**Supplied records:**

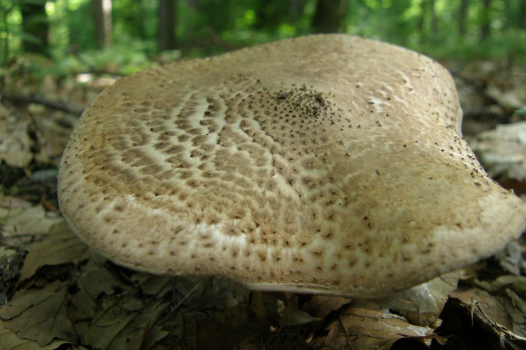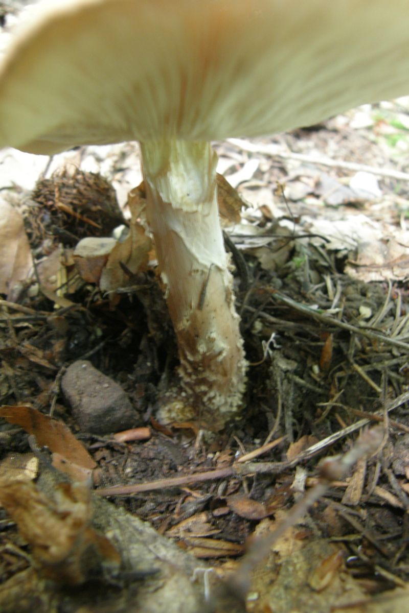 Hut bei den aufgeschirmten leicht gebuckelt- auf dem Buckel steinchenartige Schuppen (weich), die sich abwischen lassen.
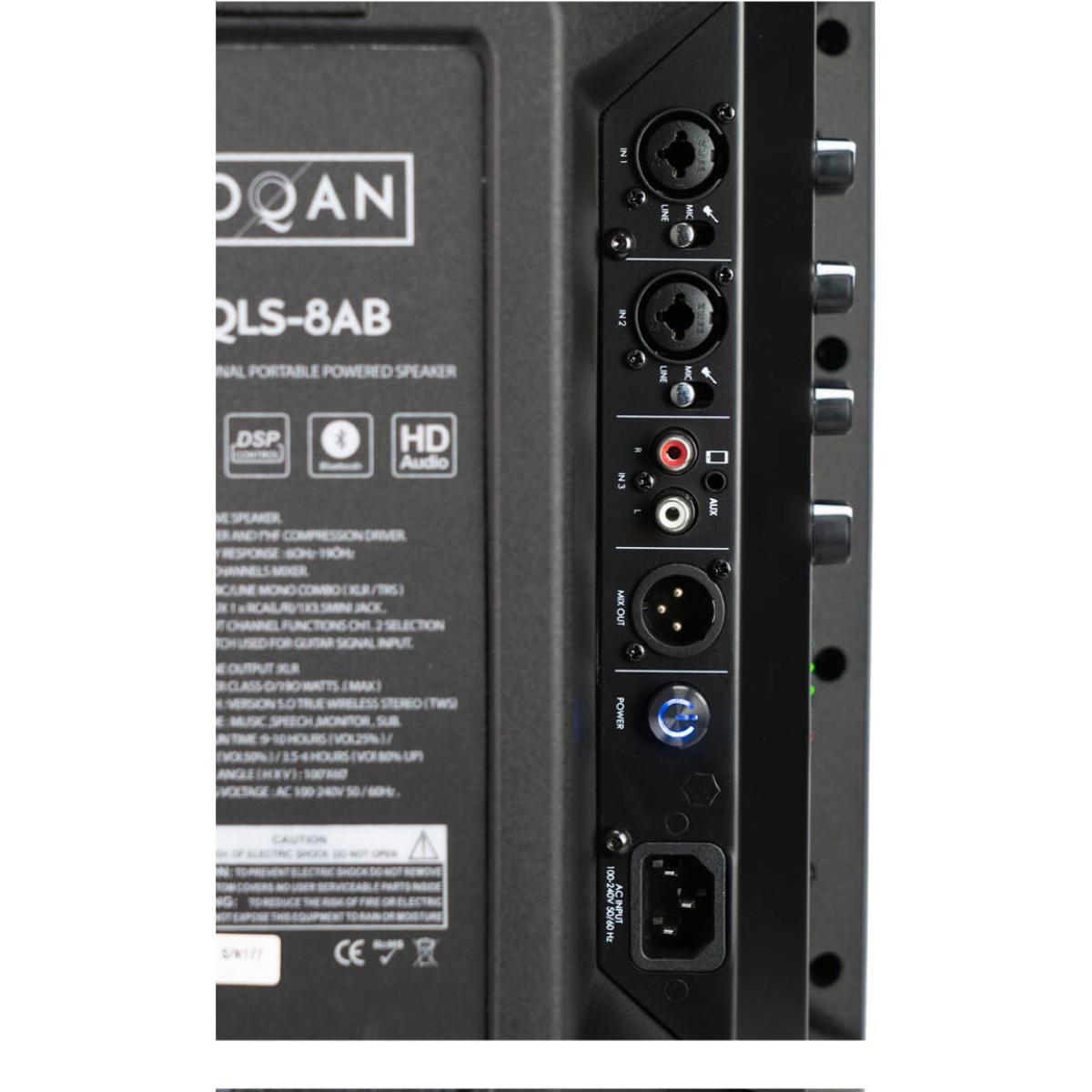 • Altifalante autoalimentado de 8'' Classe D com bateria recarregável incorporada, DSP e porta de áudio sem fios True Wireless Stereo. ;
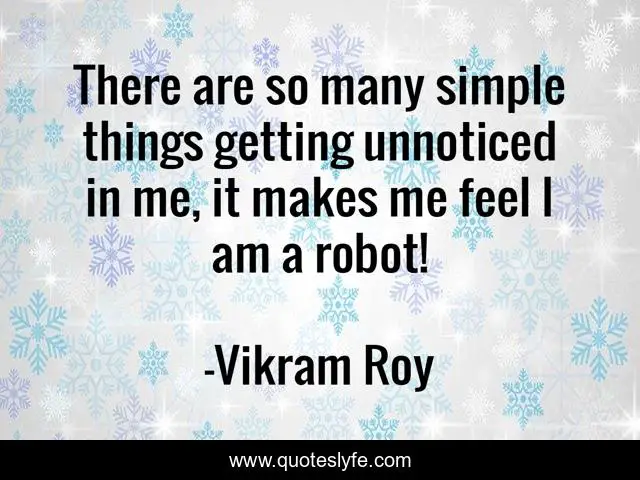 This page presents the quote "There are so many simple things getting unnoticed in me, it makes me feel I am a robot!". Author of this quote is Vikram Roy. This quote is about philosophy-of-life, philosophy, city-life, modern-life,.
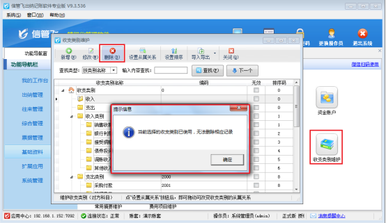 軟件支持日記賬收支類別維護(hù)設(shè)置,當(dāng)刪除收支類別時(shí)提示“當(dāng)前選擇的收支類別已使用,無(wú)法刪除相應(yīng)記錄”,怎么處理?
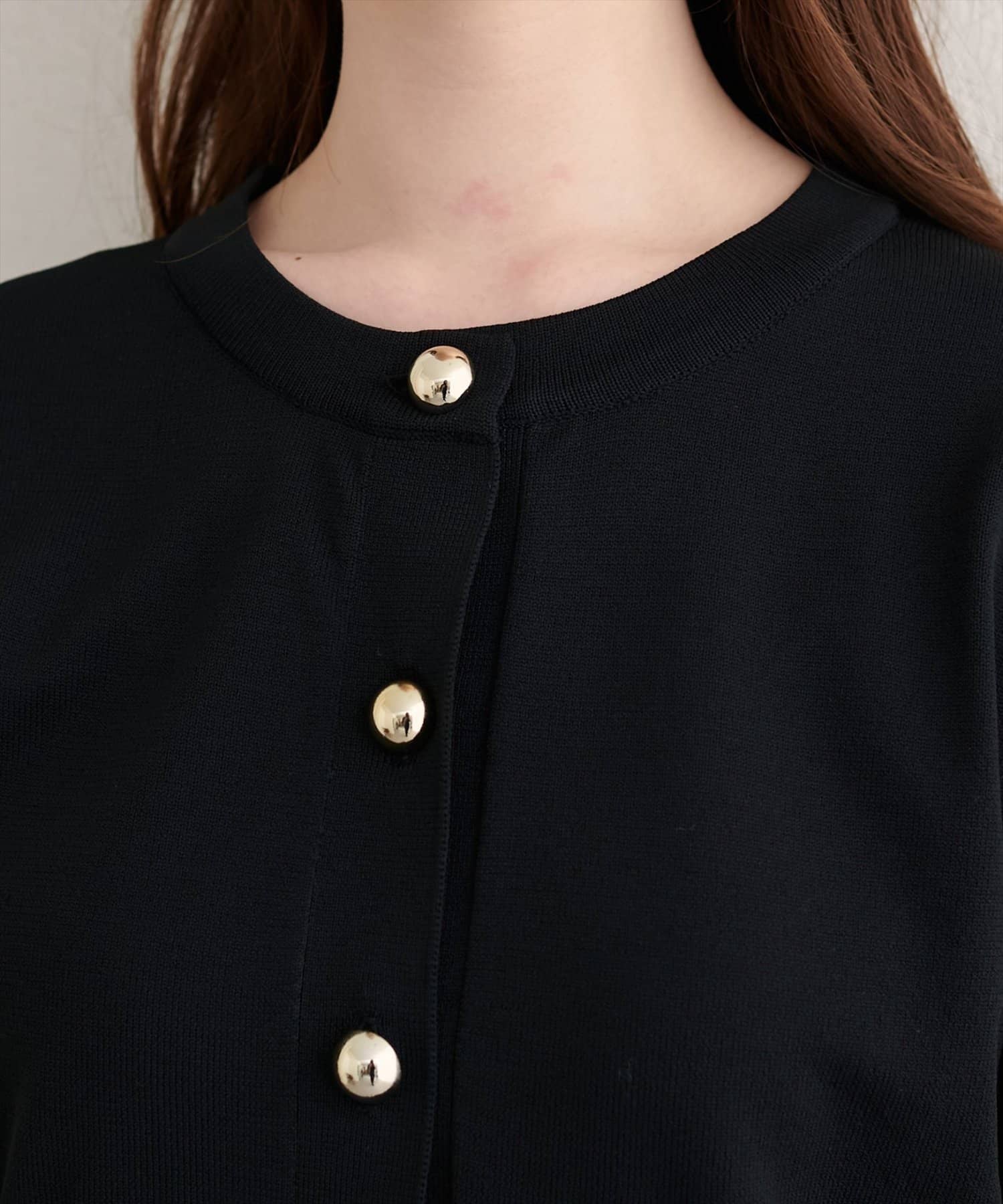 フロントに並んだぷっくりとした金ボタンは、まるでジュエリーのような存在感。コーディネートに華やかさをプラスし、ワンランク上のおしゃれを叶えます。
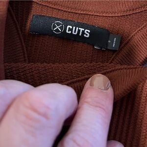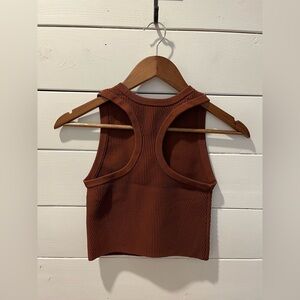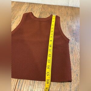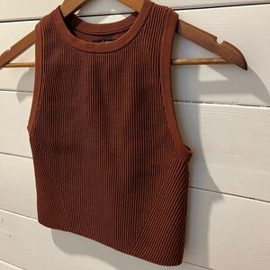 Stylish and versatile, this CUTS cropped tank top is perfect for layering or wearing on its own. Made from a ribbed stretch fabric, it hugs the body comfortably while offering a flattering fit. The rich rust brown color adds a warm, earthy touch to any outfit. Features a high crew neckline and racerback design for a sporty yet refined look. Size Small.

**What this task involves:** Output must match the lines from the start of the records above through the line that contains "Wireless Stereo. ;", exactly and with every picture removed.

**Answer to this task:**
 Hut bei den aufgeschirmten leicht gebuckelt- auf dem Buckel steinchenartige Schuppen (weich), die sich abwischen lassen.
 • Altifalante autoalimentado de 8'' Classe D com bateria recarregável incorporada, DSP e porta de áudio sem fios True Wireless Stereo. ;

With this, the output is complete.